DLIST also just announced the formation of an advisory board.
The following musings, inspired by the DL-Harvest announcement, are not intended to detract from the fine work that DLIST is doing or from the very welcome addition of DL-Harvest to their service offerings.
Discipline-focused metadata can be relatively easily harvested from OAI-PHM-compliant systems that are organized along disciplinary lines (e.g., the entire archive/repository is discipline-based or an organized subset is discipline-based). No doubt these are very rich, primary veins of discipline-specific information, but how about the smaller veins and nuggets that are hard to identify and harvest because they are in systems or subsets that focus on another discipline?
Here’s an example. An economist, who is not part of a research center or other group that might have its own archive, writes extensively about the economics of the scholarly publishing business. This individual’s papers end up in the economics department section of his or her institutional repository and in EconWPA. They are highly relevant to librarians and information scientists, but will their metadata records be harvested for use in services like DL-Harvest using OAI-PMH since they are in the wrong conceptual bins (e.g., set in the case of the IR)?

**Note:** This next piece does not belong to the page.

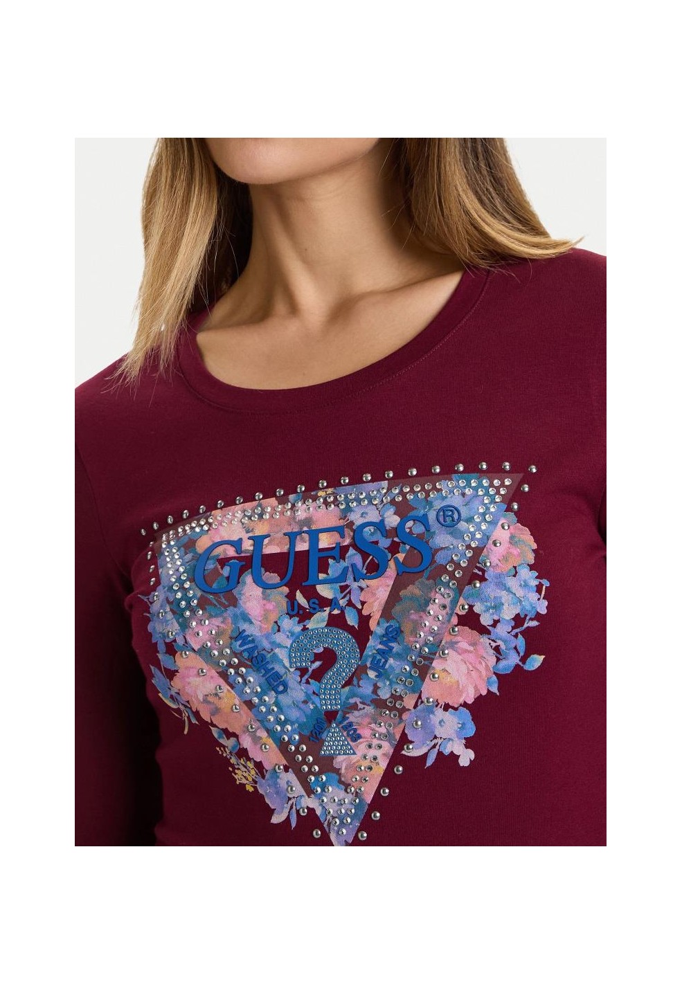 Il girocollo essenziale e le maniche lunghe le conferiscono un tocco versatile e sobrio, ideale anche come sottogiacca. L’elemento che la rende unica è il logo Guess a triangolo, decorato con motivi floreali e dettagli in strass, che dona luce e femminilità al capo, trasformandolo in un vero e proprio statement di stile.

Coleman et al. point to one solution in their intriguing "Integration of Non-OAI Resources for Federated Searching in DLIST, an Eprints Repository" paper. But (lots of hand waving here), if using automatic metadata extraction was an easy and simple way to supplement conventional OAI-PMH harvesting, the bottom line question is: how good is good enough? In other words, what’s an acceptable level of accuracy for the automatic metadata extraction? (I won’t even bring up the dreaded "controlled vocabulary" notion.)
No doubt this problem falls under the 80/20 Rule, and the 20 is most likely in the low hanging fruit OAI-PMH-wise, but wouldn’t it be nice to have more fruit?